If you’re going to do this sort of thing you should just post your receipt! Otherwise we’re all suspicious, because people have proven their price expectations are frequently insane https://t.co/ioVXW441KK
— Will Stancil (@whstancil) December 14, 2023
No of course not. But it’s genuinely pretty difficult to spend $50 dollars on chicken soup in most of the country, so supporting evidence is helpful if you make a claim like that. Otherwise people are going to do what they’re doing: show why chicken soup DOESN’T cost $50.
— Will Stancil (@whstancil) December 14, 2023
So we’ve gone from people are influenced by media vibes to think the economy is worse than it is to people are lying about what they spent on groceries? Stancil backed away from calling her a liar. Well, sort of. Maybe he’s saying she’s confused.
Over the past year there countless examples of someone paying more than they expect (a $16 McDonald’s hamburger!) and immediately using it to bolster the “inflation is out of control” narrative, and when you check the details it’s some special situation.
— Will Stancil (@whstancil) December 14, 2023
Recently, shoplifting trutherism has been my favorite twitter, but grocery trutherism is even more deliciously insane. Merciful heavens, folks, go outside and touch grass.
— Megan McArdle (@asymmetricinfo) December 14, 2023
It’s an interesting debate but it’s also immediately clear that Will Stancil is not really open to argument. Yes, the $16 McDonald’s hamburger was a special situation but not that special. The point is that while inflation may be back down to 3.1% prices are still high which does create all sorts of special situations that wouldn’t have been possible four years ago. People notice these things. But for some, that’s not good enough. Show us the receipts!
Jonathan, what is the point of this? If you would like me to concede that I did not buy the very cheapest chicken that I could have hunted through the bins for, very well, I concede it. What have you won?

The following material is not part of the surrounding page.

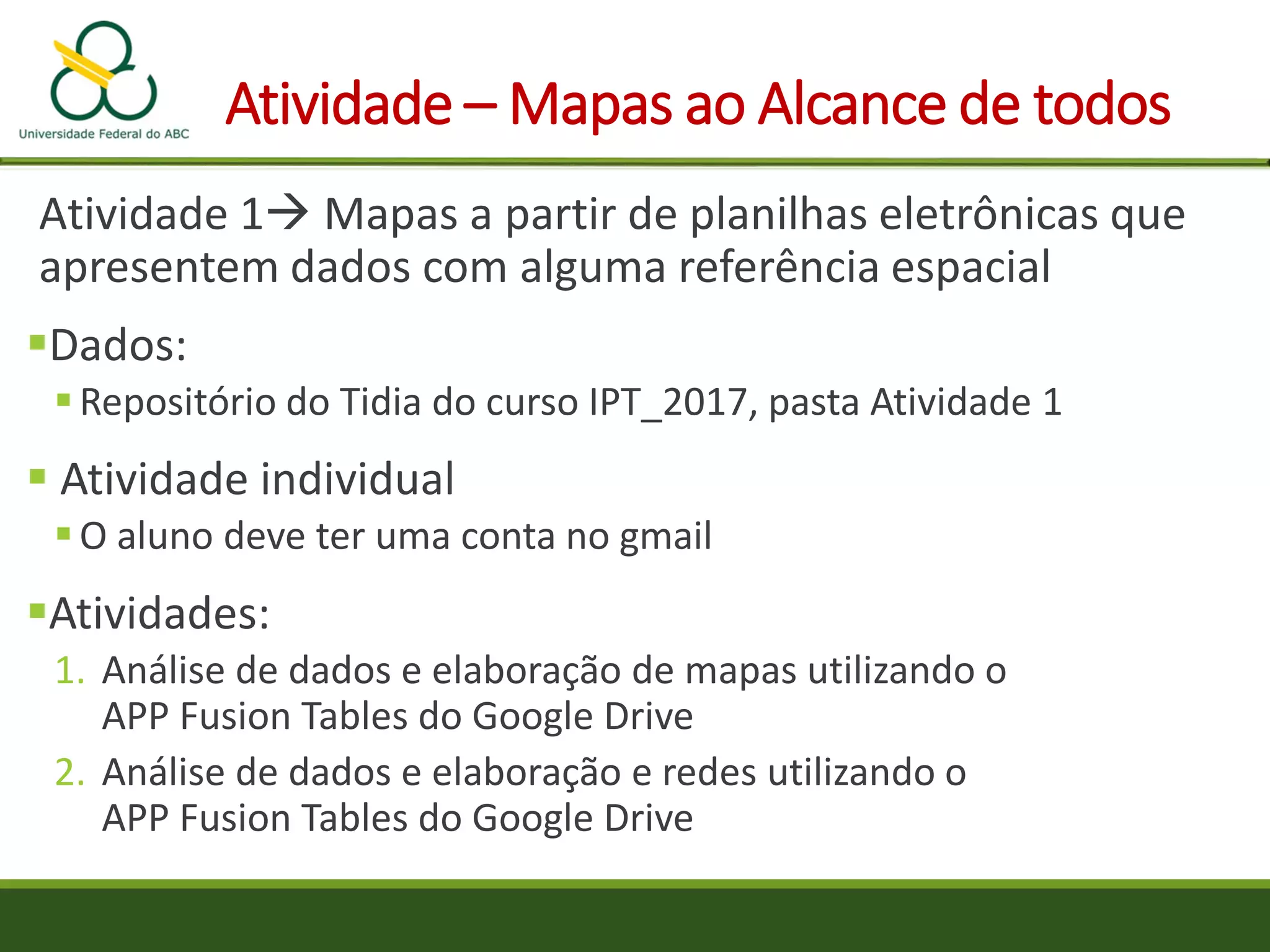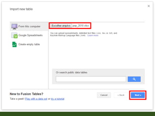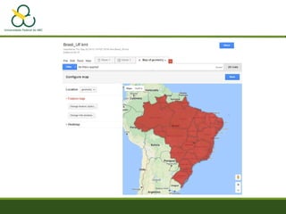 Este documento apresenta uma atividade sobre mapas e dados espaciais utilizando planilhas eletrônicas e a ferramenta Fusion Tables do Google Drive. A atividade propõe que os alunos mapeiem dados de população brasileira por unidade da federação usando o Power Maps no Excel e em seguida analisem dados de migração entre estados usando mapas e redes no Fusion Tables.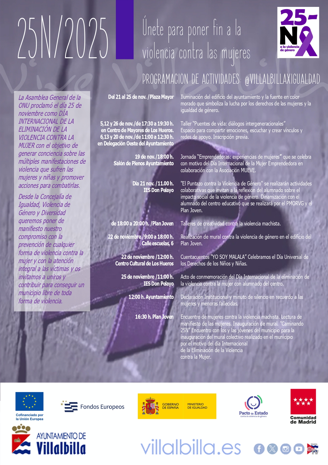A lo largo del mes se llevarán a cabo actividades de sensibilización, formación, reflexión colectiva y participación, tanto en espacios educativos como culturales y juveniles, con el propósito de promover la igualdad, visibilizar las distintas formas de violencia que sufren mujeres y niñas y reforzar el compromiso municipal con la prevención y la atención integral a las víctimas. Estas propuestas buscan fomentar la implicación social y avanzar hacia un municipio libre de cualquier forma de violencia contra la mujer.

— Megan McArdle (@asymmetricinfo) December 14, 2023
I bought … bulk chicken thighs. Giant brand. In sufficient quantities to first make stock, and then make soup. If you think saying "Well, that's a luxury purchase!" is somehow going to endear Biden to voters in 2024, you people have lost… your…. damn….. MINDS.
— Megan McArdle (@asymmetricinfo) December 14, 2023
I think the “people aren’t being rational” people fail to appreciate the degree to which they seem a bit obsessed with this, probably for reasons that aren’t primarily about economics.